:: Information ::
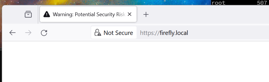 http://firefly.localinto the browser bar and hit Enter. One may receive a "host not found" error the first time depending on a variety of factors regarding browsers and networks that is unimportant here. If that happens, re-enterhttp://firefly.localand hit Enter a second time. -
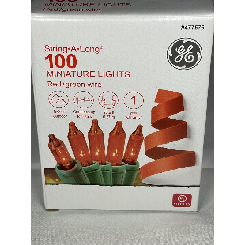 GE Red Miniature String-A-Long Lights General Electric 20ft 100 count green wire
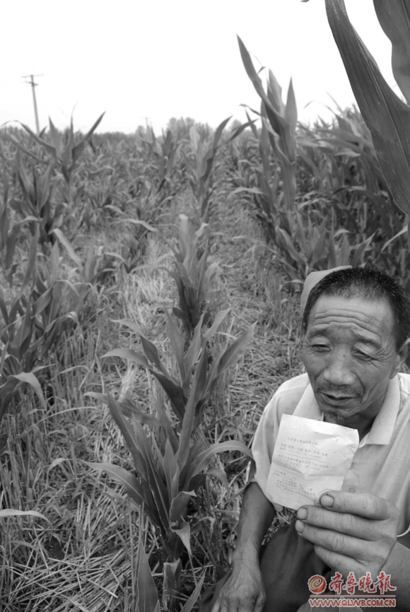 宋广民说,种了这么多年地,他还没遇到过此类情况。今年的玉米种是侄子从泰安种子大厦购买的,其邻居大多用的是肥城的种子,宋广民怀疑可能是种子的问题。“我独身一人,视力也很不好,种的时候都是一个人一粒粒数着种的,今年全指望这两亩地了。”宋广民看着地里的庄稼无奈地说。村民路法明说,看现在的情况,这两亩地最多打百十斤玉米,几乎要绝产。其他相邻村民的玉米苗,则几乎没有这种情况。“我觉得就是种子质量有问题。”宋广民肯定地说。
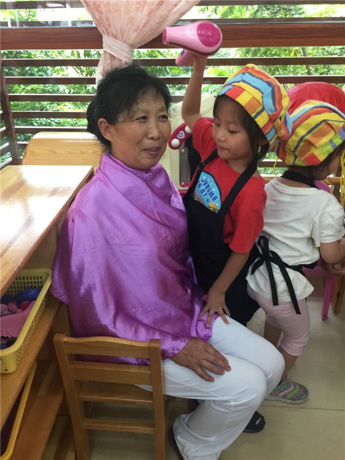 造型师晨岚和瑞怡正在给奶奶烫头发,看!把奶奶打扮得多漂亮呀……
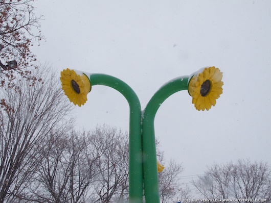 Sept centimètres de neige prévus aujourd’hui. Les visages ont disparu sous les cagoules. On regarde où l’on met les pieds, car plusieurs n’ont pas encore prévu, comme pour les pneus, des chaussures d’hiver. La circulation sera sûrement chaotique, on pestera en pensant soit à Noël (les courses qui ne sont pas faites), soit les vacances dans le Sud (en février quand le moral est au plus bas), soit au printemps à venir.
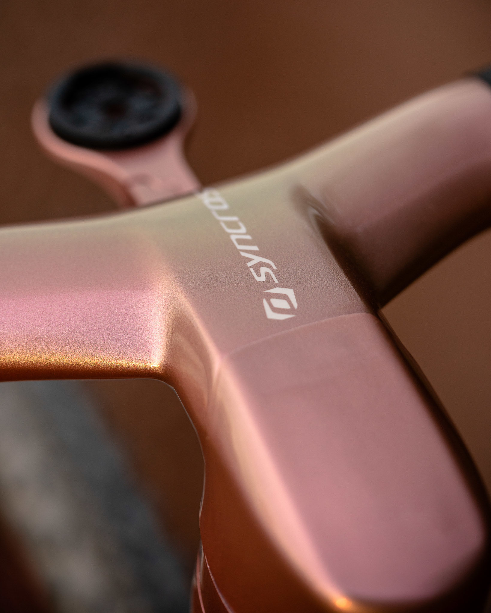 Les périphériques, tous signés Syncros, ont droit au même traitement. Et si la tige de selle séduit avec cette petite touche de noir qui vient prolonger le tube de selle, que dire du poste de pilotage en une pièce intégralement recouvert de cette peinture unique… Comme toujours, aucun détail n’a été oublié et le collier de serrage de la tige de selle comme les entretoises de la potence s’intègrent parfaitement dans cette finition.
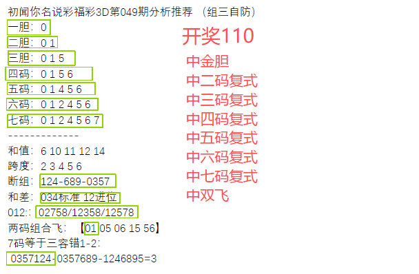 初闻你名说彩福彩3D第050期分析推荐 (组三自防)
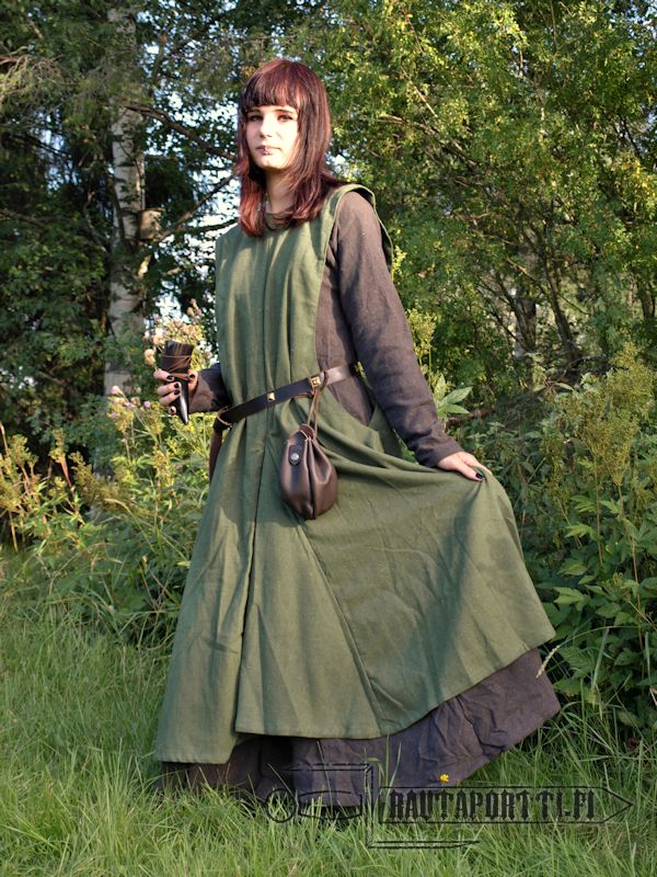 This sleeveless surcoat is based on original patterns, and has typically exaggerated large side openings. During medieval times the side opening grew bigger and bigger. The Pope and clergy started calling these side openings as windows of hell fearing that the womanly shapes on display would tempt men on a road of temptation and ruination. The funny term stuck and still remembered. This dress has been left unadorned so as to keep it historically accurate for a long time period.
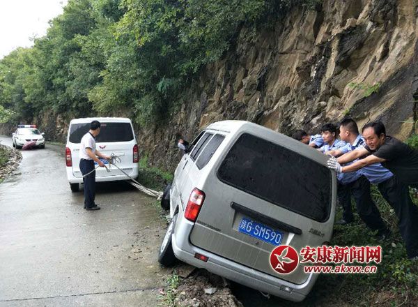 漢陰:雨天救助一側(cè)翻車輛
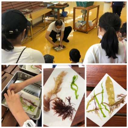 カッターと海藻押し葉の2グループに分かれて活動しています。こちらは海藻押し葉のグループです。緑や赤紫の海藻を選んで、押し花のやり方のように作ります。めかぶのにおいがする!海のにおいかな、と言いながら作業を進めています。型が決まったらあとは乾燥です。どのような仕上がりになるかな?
:::
(Exercise aim) Every record above should reappear exactly, with the pictures gone.

(Answer space)
 http://firefly.localinto the browser bar and hit Enter. One may receive a "host not found" error the first time depending on a variety of factors regarding browsers and networks that is unimportant here. If that happens, re-enterhttp://firefly.localand hit Enter a second time. -
 GE Red Miniature String-A-Long Lights General Electric 20ft 100 count green wire
 宋广民说,种了这么多年地,他还没遇到过此类情况。今年的玉米种是侄子从泰安种子大厦购买的,其邻居大多用的是肥城的种子,宋广民怀疑可能是种子的问题。“我独身一人,视力也很不好,种的时候都是一个人一粒粒数着种的,今年全指望这两亩地了。”宋广民看着地里的庄稼无奈地说。村民路法明说,看现在的情况,这两亩地最多打百十斤玉米,几乎要绝产。其他相邻村民的玉米苗,则几乎没有这种情况。“我觉得就是种子质量有问题。”宋广民肯定地说。
 造型师晨岚和瑞怡正在给奶奶烫头发,看!把奶奶打扮得多漂亮呀……
 Sept centimètres de neige prévus aujourd’hui. Les visages ont disparu sous les cagoules. On regarde où l’on met les pieds, car plusieurs n’ont pas encore prévu, comme pour les pneus, des chaussures d’hiver. La circulation sera sûrement chaotique, on pestera en pensant soit à Noël (les courses qui ne sont pas faites), soit les vacances dans le Sud (en février quand le moral est au plus bas), soit au printemps à venir.
 Les périphériques, tous signés Syncros, ont droit au même traitement. Et si la tige de selle séduit avec cette petite touche de noir qui vient prolonger le tube de selle, que dire du poste de pilotage en une pièce intégralement recouvert de cette peinture unique… Comme toujours, aucun détail n’a été oublié et le collier de serrage de la tige de selle comme les entretoises de la potence s’intègrent parfaitement dans cette finition.
 初闻你名说彩福彩3D第050期分析推荐 (组三自防)
 This sleeveless surcoat is based on original patterns, and has typically exaggerated large side openings. During medieval times the side opening grew bigger and bigger. The Pope and clergy started calling these side openings as windows of hell fearing that the womanly shapes on display would tempt men on a road of temptation and ruination. The funny term stuck and still remembered. This dress has been left unadorned so as to keep it historically accurate for a long time period.
 漢陰:雨天救助一側(cè)翻車輛
 カッターと海藻押し葉の2グループに分かれて活動しています。こちらは海藻押し葉のグループです。緑や赤紫の海藻を選んで、押し花のやり方のように作ります。めかぶのにおいがする!海のにおいかな、と言いながら作業を進めています。型が決まったらあとは乾燥です。どのような仕上がりになるかな?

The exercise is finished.